= Required action =
Wherever a picture appears, skip it and retype the rest of the data exactly.

= Data block =
_____
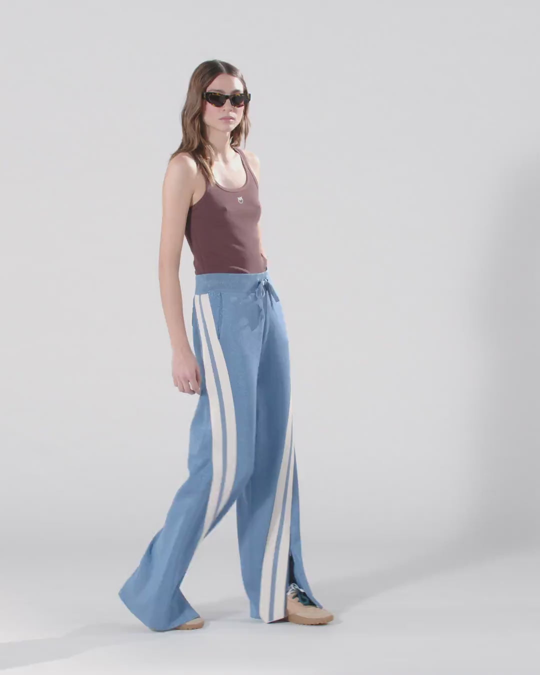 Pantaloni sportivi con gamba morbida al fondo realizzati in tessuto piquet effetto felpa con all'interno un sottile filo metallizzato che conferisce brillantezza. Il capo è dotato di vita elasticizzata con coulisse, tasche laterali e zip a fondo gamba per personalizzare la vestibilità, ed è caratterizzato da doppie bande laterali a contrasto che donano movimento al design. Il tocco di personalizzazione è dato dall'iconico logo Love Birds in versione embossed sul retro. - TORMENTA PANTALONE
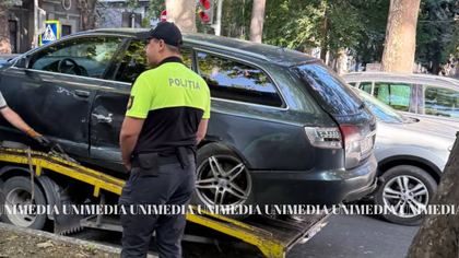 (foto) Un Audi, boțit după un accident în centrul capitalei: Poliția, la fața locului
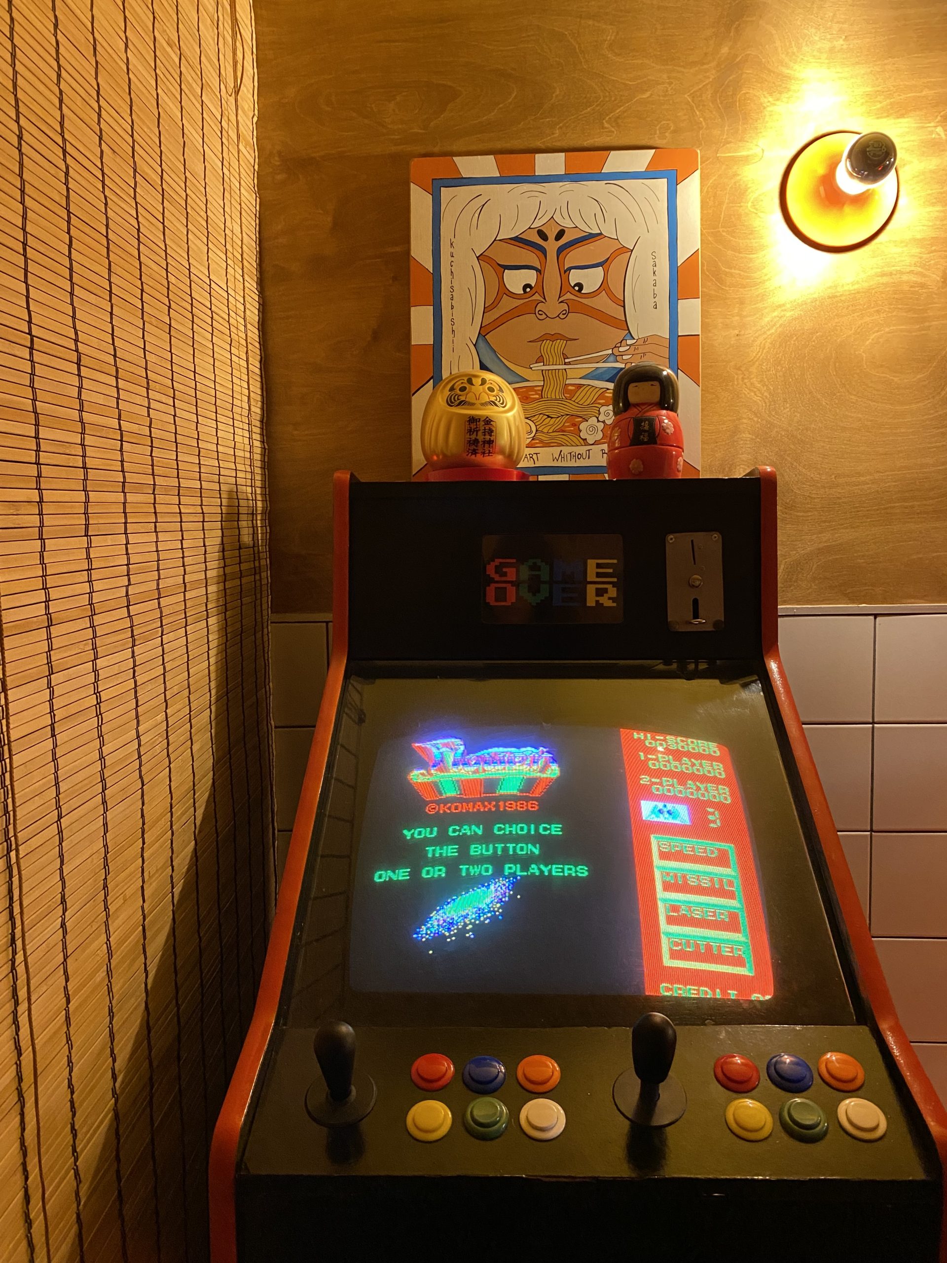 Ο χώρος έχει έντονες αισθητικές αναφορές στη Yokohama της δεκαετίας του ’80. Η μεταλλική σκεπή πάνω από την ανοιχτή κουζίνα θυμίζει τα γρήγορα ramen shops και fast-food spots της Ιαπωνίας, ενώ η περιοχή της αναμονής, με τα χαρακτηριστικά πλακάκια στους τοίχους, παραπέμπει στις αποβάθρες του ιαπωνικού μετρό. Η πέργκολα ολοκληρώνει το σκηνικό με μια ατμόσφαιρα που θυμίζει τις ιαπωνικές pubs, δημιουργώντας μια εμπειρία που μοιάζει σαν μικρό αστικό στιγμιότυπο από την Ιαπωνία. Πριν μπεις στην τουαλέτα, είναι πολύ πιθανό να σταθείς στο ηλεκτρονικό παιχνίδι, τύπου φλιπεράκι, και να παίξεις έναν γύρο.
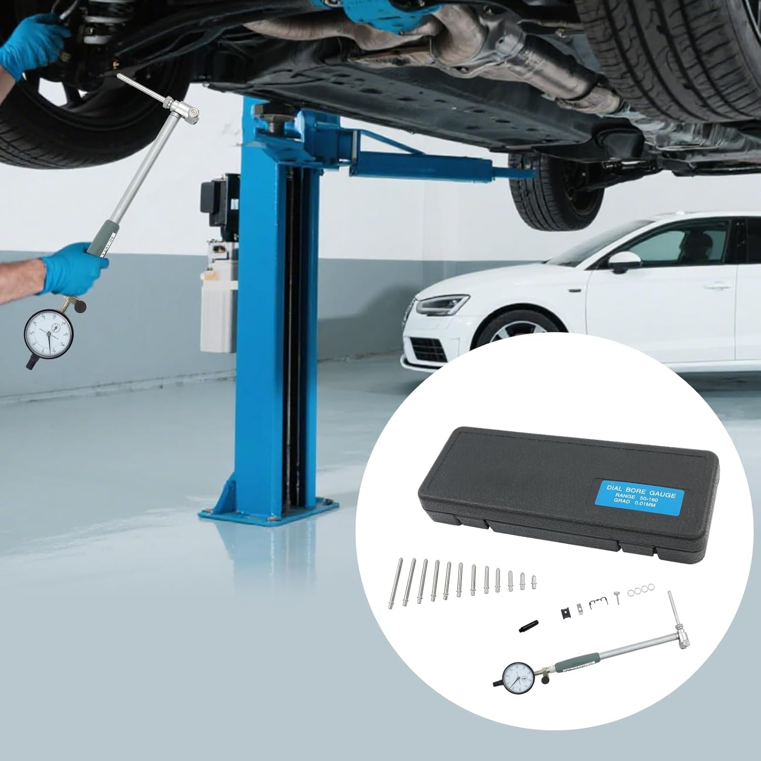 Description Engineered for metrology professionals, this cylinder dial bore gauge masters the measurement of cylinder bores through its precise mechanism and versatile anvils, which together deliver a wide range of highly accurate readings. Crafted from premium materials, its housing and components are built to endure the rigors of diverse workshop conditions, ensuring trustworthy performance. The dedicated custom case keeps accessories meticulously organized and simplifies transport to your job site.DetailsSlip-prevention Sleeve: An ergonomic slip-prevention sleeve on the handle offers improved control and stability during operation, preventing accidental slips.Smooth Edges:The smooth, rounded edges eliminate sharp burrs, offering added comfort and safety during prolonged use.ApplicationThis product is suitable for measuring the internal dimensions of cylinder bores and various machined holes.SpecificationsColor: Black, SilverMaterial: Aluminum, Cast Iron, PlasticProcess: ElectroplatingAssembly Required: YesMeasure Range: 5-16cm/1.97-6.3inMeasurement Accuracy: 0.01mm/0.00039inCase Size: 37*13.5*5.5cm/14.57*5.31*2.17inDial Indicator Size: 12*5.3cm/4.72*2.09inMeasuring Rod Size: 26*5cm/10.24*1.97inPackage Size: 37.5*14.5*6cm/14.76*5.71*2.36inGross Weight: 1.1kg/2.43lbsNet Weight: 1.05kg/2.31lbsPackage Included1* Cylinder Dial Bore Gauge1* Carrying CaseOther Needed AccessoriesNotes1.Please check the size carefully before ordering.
_____
= Reply =
 Pantaloni sportivi con gamba morbida al fondo realizzati in tessuto piquet effetto felpa con all'interno un sottile filo metallizzato che conferisce brillantezza. Il capo è dotato di vita elasticizzata con coulisse, tasche laterali e zip a fondo gamba per personalizzare la vestibilità, ed è caratterizzato da doppie bande laterali a contrasto che donano movimento al design. Il tocco di personalizzazione è dato dall'iconico logo Love Birds in versione embossed sul retro. - TORMENTA PANTALONE
 (foto) Un Audi, boțit după un accident în centrul capitalei: Poliția, la fața locului
 Ο χώρος έχει έντονες αισθητικές αναφορές στη Yokohama της δεκαετίας του ’80. Η μεταλλική σκεπή πάνω από την ανοιχτή κουζίνα θυμίζει τα γρήγορα ramen shops και fast-food spots της Ιαπωνίας, ενώ η περιοχή της αναμονής, με τα χαρακτηριστικά πλακάκια στους τοίχους, παραπέμπει στις αποβάθρες του ιαπωνικού μετρό. Η πέργκολα ολοκληρώνει το σκηνικό με μια ατμόσφαιρα που θυμίζει τις ιαπωνικές pubs, δημιουργώντας μια εμπειρία που μοιάζει σαν μικρό αστικό στιγμιότυπο από την Ιαπωνία. Πριν μπεις στην τουαλέτα, είναι πολύ πιθανό να σταθείς στο ηλεκτρονικό παιχνίδι, τύπου φλιπεράκι, και να παίξεις έναν γύρο.
 Description Engineered for metrology professionals, this cylinder dial bore gauge masters the measurement of cylinder bores through its precise mechanism and versatile anvils, which together deliver a wide range of highly accurate readings. Crafted from premium materials, its housing and components are built to endure the rigors of diverse workshop conditions, ensuring trustworthy performance. The dedicated custom case keeps accessories meticulously organized and simplifies transport to your job site.DetailsSlip-prevention Sleeve: An ergonomic slip-prevention sleeve on the handle offers improved control and stability during operation, preventing accidental slips.Smooth Edges:The smooth, rounded edges eliminate sharp burrs, offering added comfort and safety during prolonged use.ApplicationThis product is suitable for measuring the internal dimensions of cylinder bores and various machined holes.SpecificationsColor: Black, SilverMaterial: Aluminum, Cast Iron, PlasticProcess: ElectroplatingAssembly Required: YesMeasure Range: 5-16cm/1.97-6.3inMeasurement Accuracy: 0.01mm/0.00039inCase Size: 37*13.5*5.5cm/14.57*5.31*2.17inDial Indicator Size: 12*5.3cm/4.72*2.09inMeasuring Rod Size: 26*5cm/10.24*1.97inPackage Size: 37.5*14.5*6cm/14.76*5.71*2.36inGross Weight: 1.1kg/2.43lbsNet Weight: 1.05kg/2.31lbsPackage Included1* Cylinder Dial Bore Gauge1* Carrying CaseOther Needed AccessoriesNotes1.Please check the size carefully before ordering.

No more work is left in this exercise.